To address this challenge, we propose DISCO, a new method for website discovery that does not depend on an accurate domain-specific classifier. Given a small number of sample pages, DISCO automatically discovers additional pages that can be used both to construct domain classifiers and to serve as seeds for focused crawlers. The strategy adopted by DISCO was inspired by how users follow the search process: it searches for pages on the Web and distills the results in an iterative fashion. Different operations can be used to discover new pages, including keyword-based and related queries issued to search engines, and backward and forward crawling. However, the effectiveness of an operation varies across domains. For example, in our experiments (Section 5), we observed that backlink search performs the best for human trafficking domain, but is much less effective for the others. Based on this observation, unlike previous works (Barbosa et al., 2011; Vieira et al., 2016), DISCO applies multiple search operations. To systematically select the search operation as the discovery progresses, we propose an algorithm that uses the multi-armed bandit strategy (Auer et al., 2002). This makes DISCO adaptive both within and across domains, and leads to higher harvest rates and coverage compared to a fixed strategy.

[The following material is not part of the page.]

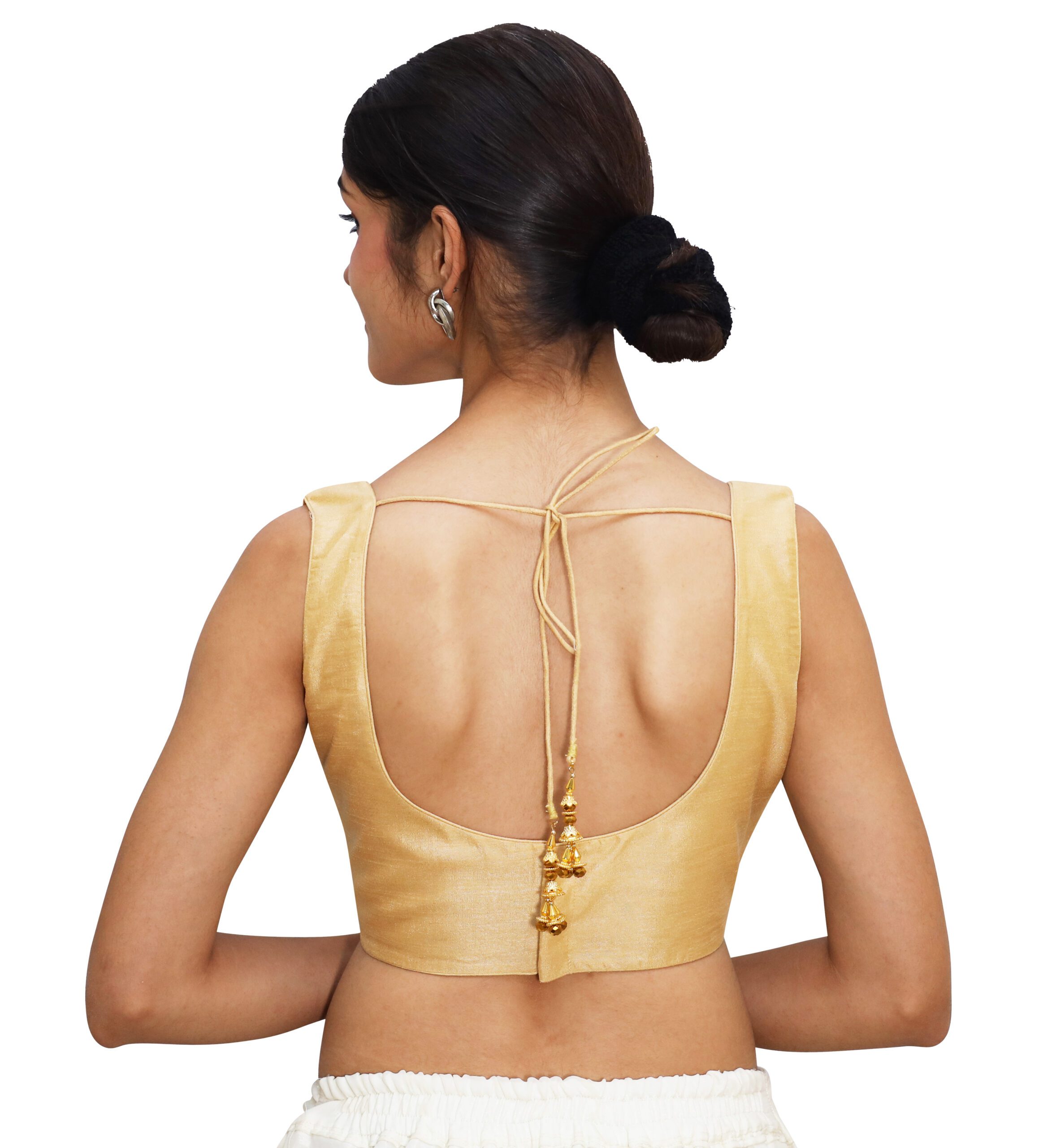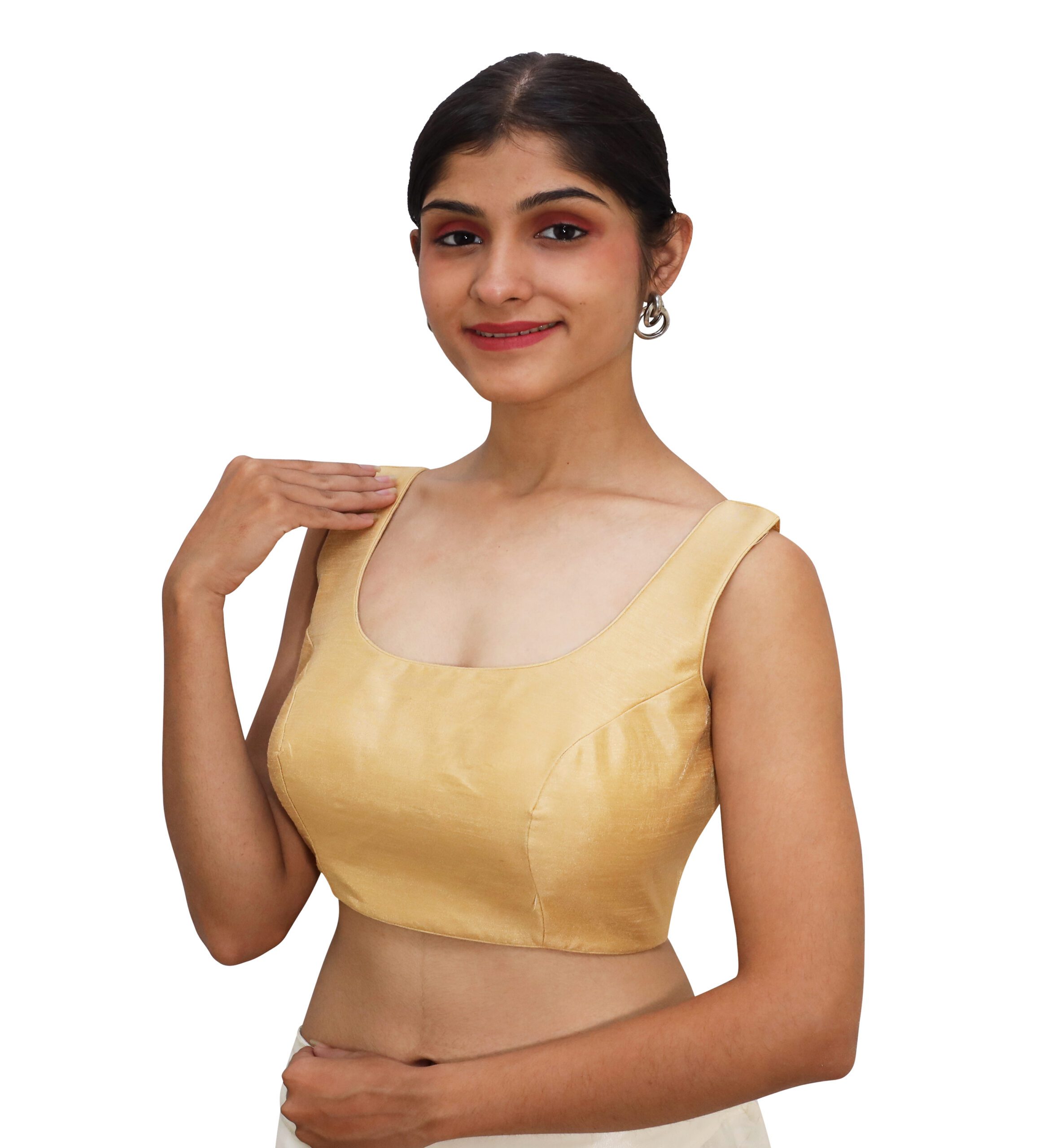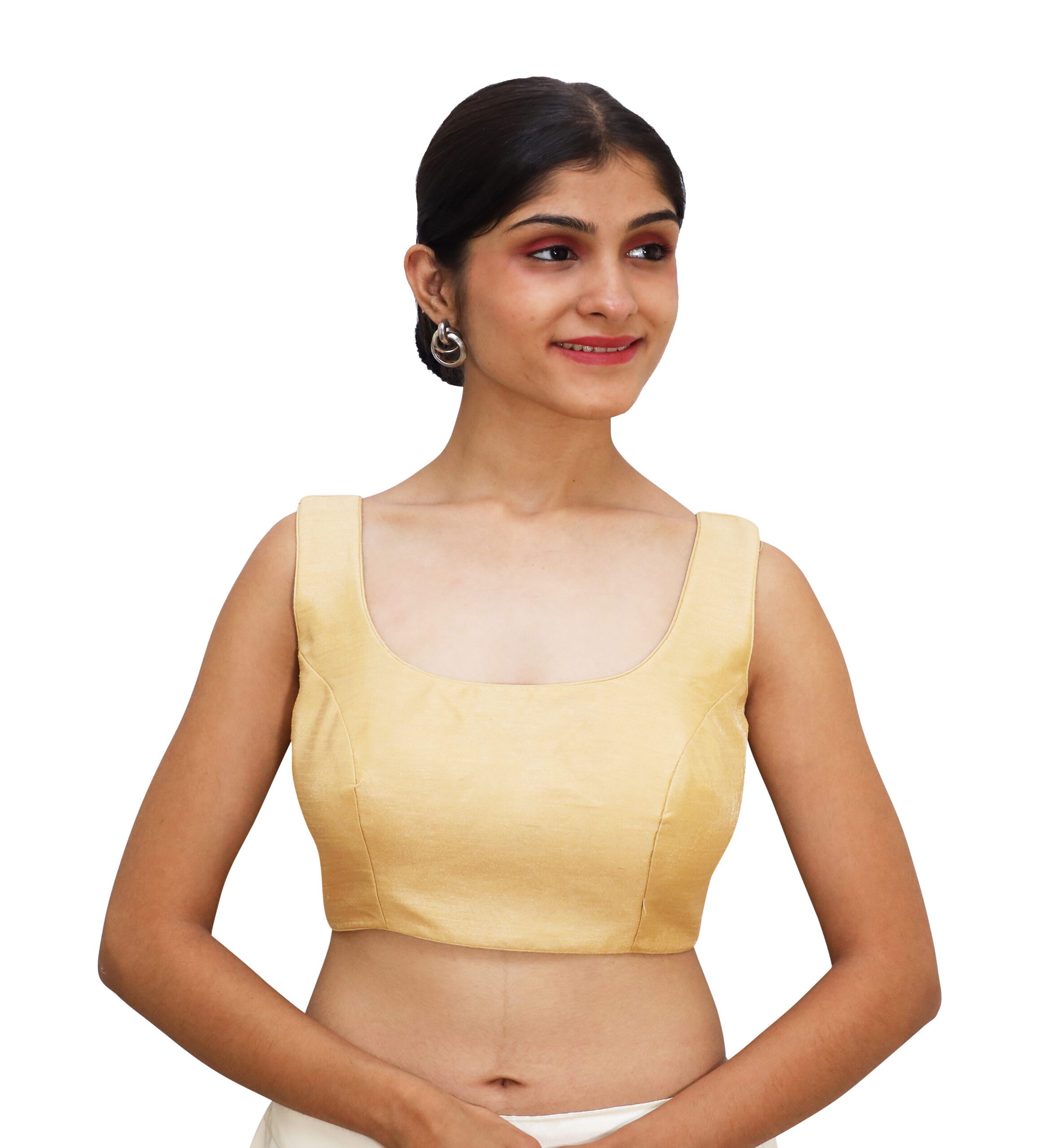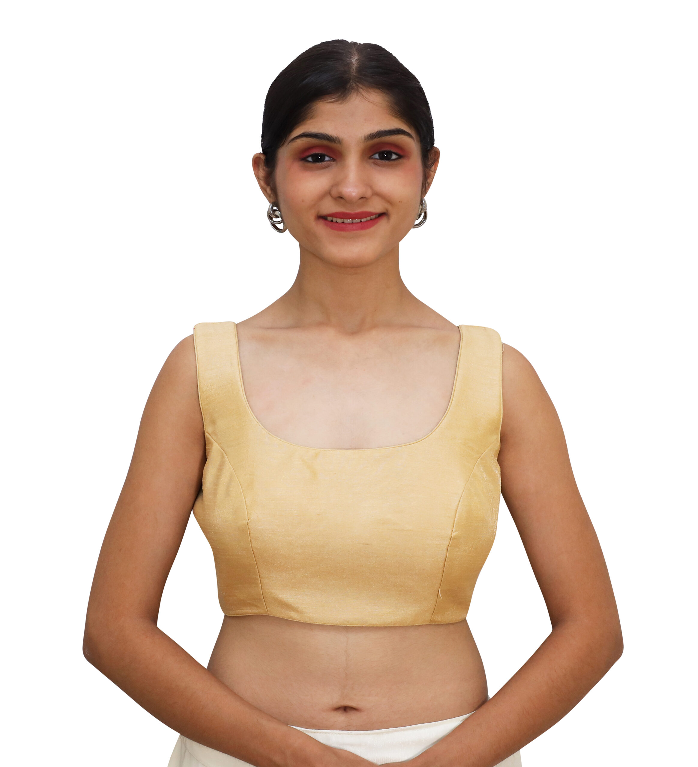 Add a touch of timeless elegance to your saree look with the gold sleeveless silk round neck blouse from India Blouse. Crafted from luxurious Bangalori silk, this gold sleeveless silk round neck blouse offers a smooth and lustrous finish. The round neckline and sleeveless cut create a classic yet contemporary design, making it versatile for styling with both traditional and designer sarees. Its padded structure ensures comfort and a perfect fit, while the back hook-and-eye closure adds convenience. Ideal for weddings, parties, festive occasions, and receptions, this golden blouse pairs beautifully with contrasting or matching sarees in vibrant shades, making it a must-have wardrobe staple.
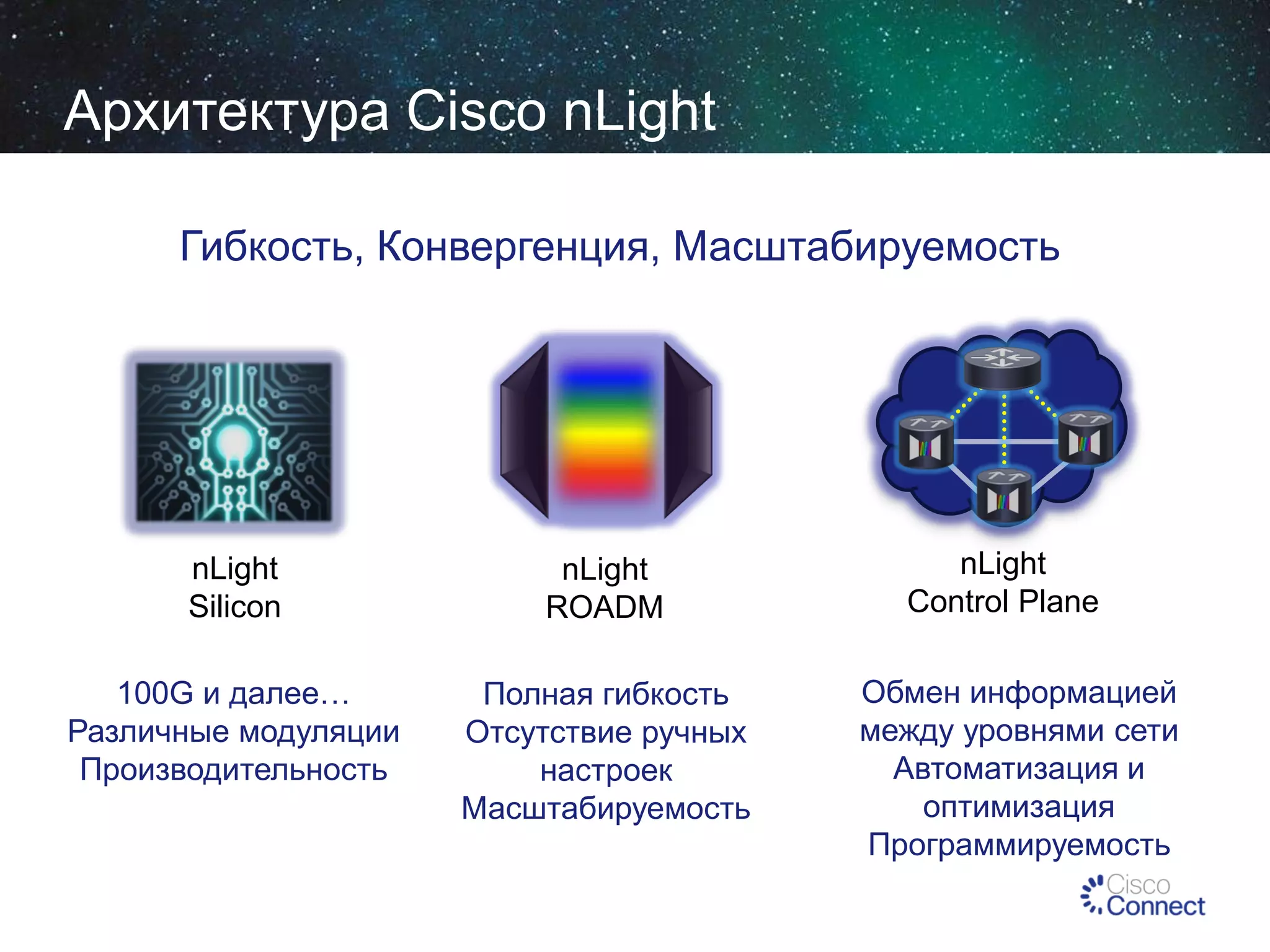 Документ описывает архитектуру и функционал многоуровневой интеллектуальной плоскости управления Cisco nLight, предлагая гибкость, масштабируемость и автоматизацию сетевых процессов. Основное внимание уделяется интеграции IP и DWDM, оптимизации ресурсирования и снижению операционных затрат через механизмы, такие как PCE и SDN. В нём также рассматриваются варианты восприятия сети, улучшение отказоустойчивости и взаимодействие между уровнями сети.

To distill the results, in the absence of a model that recognizes relevant pages, DISCO approximates how users select relevant pages by ranking them. Given a set of discovered pages, it ranks higher pages that are more similar to the input sample set. The challenge here lies in designing a strategy that is effective. We carried out an empirical study of several ranking approaches and found that none of the approaches is uniformly better for all domains. We propose a new ranking function that, by combining the results of multiple functions, produces a robust ranking.

Contributions. Our contributions can be summarized as follows:

•

We propose DISCO, a framework that automatically discovers relevant websites requiring only a small set of example websites. To the best of our knowledge, ours is the first approach that does not require an accurate classifier to bootstrap domain discovery.

•

To distill results, we propose an ensemble ranking approach that combines multiple independent ranking functions, and show that it consistently attains higher precision than the independent functions.

•

We incorporate different search operations in our framework and propose an algorithm that uses the multi-armed bandits strategy to select the best search operator at each iteration. We also perform a systematic evaluation of the performance of the different operations in multiple domains and show that, by using the multi-armed bandits-based algorithm, our method is able to attain high harvest rates.

•

We perform extensive experiments in multiple social-good domains using real data provided by SMEs from the corresponding domains. We report experimental results which show that DISCO obtains 300% higher harvest rate and coverage compared to state-of-the-art techniques for domain discovery.

Outline.

The remainder of this paper is structured as follows. We discuss related work in Section 2. In Section 3, we define the website discovery and ranking problems and give an overview of the DISCO framework. In Section 4 we describe the ranking and discovery components of the framework. We present the results of our experimental evaluation in Section 5, and conclude in Section 6, where we outline directions for future work.

2. Related Work

Several techniques have been proposed to discover domain-specific web content. These can be categorized in the following two groups: Search-based Discovery techniques (Qiu et al., 2015; Vieira et al., 2016; Wang et al., 2018) which rely on search engine APIs (e.g., Google, Bing, and Alexa APIs) to find web pages similar to given keywords or web pages; and Crawling-based Discovery techniques (Murata, 2001; Barbosa et al., 2011; Barbosa, 2017), which use the Web link structure to explore new content by automatically downloading and recursively following links extracted from the discovered web pages. Note that while some of these techniques were proposed to discover specific web pages, they can be extended to discover websites as well. To the best of our knowledge, as we discuss below, none of the prior work supports all different discovery techniques, and most require an accurate domain-specific classifier.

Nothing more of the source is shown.